188 F. Supp. 235, 127 U.S.P.Q. (BNA) 329, 1960 U.S. Dist. LEXIS 4888
CourtDistrict Court, S.D. New York
DecidedJune 3, 1960
StatusPublished
Cited by11 cases

This text of 188 F. Supp. 235 (Peter Pan Fabrics, Inc. v. Dixon Textile Corporation) is published on Counsel Stack Legal Research, covering District Court, S.D. New York primary law. Counsel Stack provides free access to over 12 million legal documents including statutes, case law, regulations, and constitutions.

Bluebook
Peter Pan Fabrics, Inc. v. Dixon Textile Corporation, 188 F. Supp. 235, 127 U.S.P.Q. (BNA) 329, 1960 U.S. Dist. LEXIS 4888 (S.D.N.Y. 1960).

Opinion

LEVET, District Judge.

This motion for summary judgment for a permanent injunction in favor of the plaintiffs is again before this court for further hearing and consideration in the light of the opinion of the United States Court of Appeals for the Second Circuit, 280 F.2d 800, 803.
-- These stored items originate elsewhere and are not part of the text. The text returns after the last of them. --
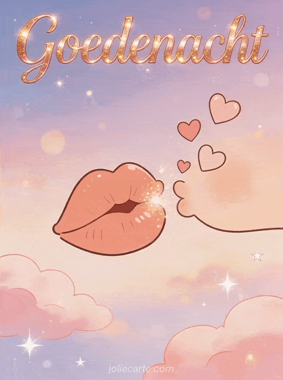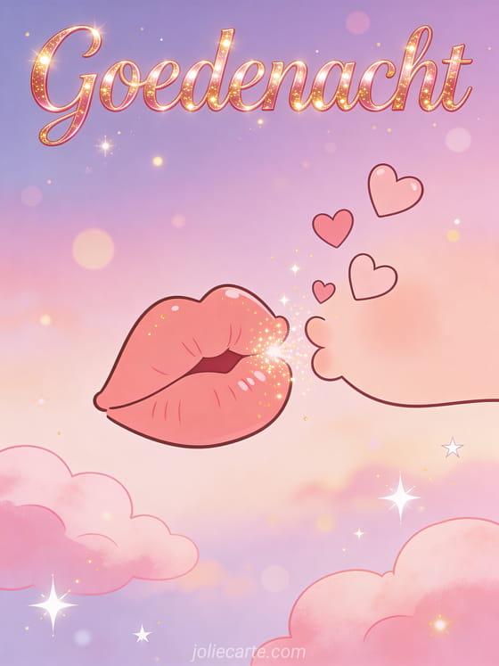 Stuur een romantische goedenavond en goedenacht kussen groet via deze gratis wenskaart. Een dromerig beeld met roze wolken, twinkelende sterren en vliegende hartjes, perfect voor een tedere nachtgroet.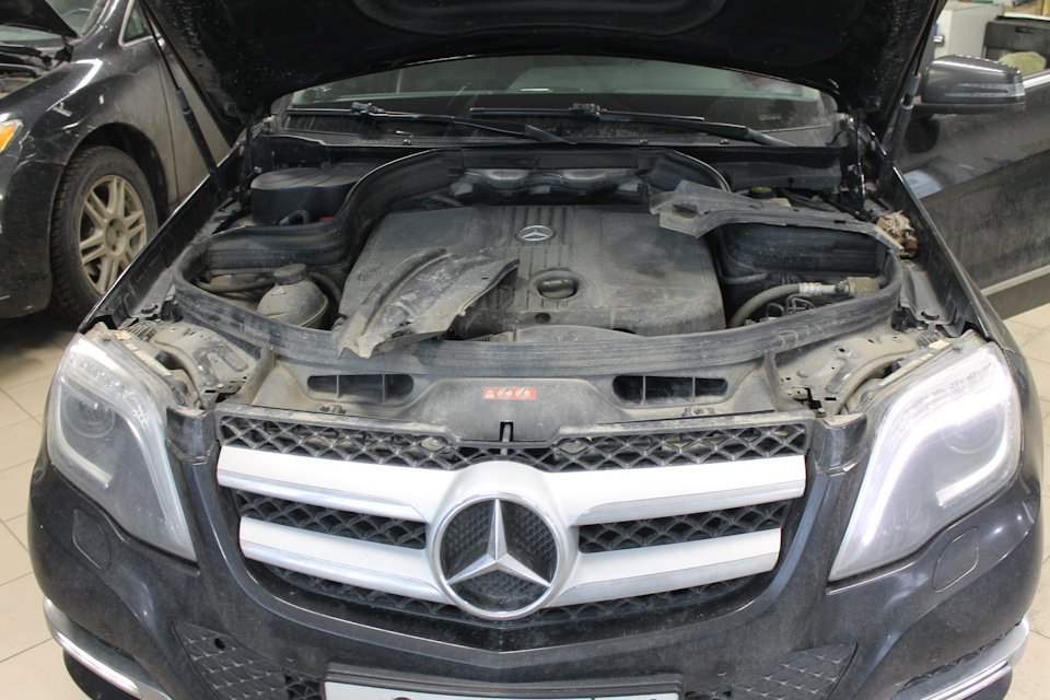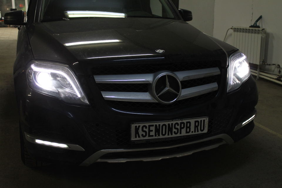 На этот раз автомобиль Mercedes-Benz GLK в кузове X204 рейсталинг приехал с одной неработающей ресницей (ДХО).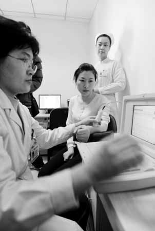 體檢開始了:內(nèi)外科普檢、骨密度、人體成分分析……當(dāng)蔣敏接受“腰頸椎”拍片檢查時,她下意識地用雙手撫了一下腰。見狀,劉群新醫(yī)生熱淚盈眶,她告訴記者,地震發(fā)生后,蔣敏連續(xù)7天7夜奮戰(zhàn)在一線上,搬石板、救戰(zhàn)友,她以常人難以想象的意志力,克服了喪母喪女之痛,用柔弱的雙肩挑起了公安民警的重?fù)?dān)。因積勞成疾,她的腰椎承受了太大的壓力。

The' appeals court has in effect held:

(1) That there was no genuine issue as to any facts material to the question of originality.

(2) That on the question of notice, under the decision in Peter Pan Fabrics, Inc. v. Martin Weiner Corp., 2 Cir., 1960, 274 F.2d 487, under the circumstances of this case, the absence of notice is a defense the defendant-copyist must prove and the burden is on such defendant to show that notice could have been embodied in the design without impairing its market value. The court held that in the case at bar “the possibility of embodying notice in the design has not been otherwise raised or disposed of on the pleadings or affidavits. The issue remains open for proof.”

(3) That on the remaining issue— that of copying: “Were the moving affidavits proper in form and substance, the conclusory general allegations of non-copying would be insufficient to raise a genuine issue for trial.”

Since the decision in the Court of Appeals, the plaintiffs have supplied proof by affidavits which now seems adequate to fill the gaps previously existing which were pointed out by the appellate court:

(1) Affidavits of Ellis II. Wilner (president of the plaintiff corporations), Arthur Klurfeld (executive secretary of the Textile Fabrics Association), Lloyd Weill (a member of the firm of Lloyd Weill Co.), Sidney Richling (president of Aronoff & Richling, Inc.) and Sidney Lippman (president of Nancy Greer, Inc.) have convinced this court that there *237 is no other feasible location for placement of the copyright notice on the textile other than on the selvage and that placement of the copyright notice in the middle of the design would make the textile completely unusable for garments since garments having such a notice on their face would be unsaleable.

(2) The testimony taken by deposition before trial of Martin G. Feerst, president of the defendant corporation, definitely indicates that the design in defendant’s fabric was copied from a dress purchased at Bloomingdale Brothers, New York City, which dress, in turn, had been manufactured by Kabro of Houston from the fabric produced by plaintiffs. Proof from Jerome C. Kaplan (vice president of Kabro of Houston) corroborates the origin of the fabric and dress from which the defendant copied.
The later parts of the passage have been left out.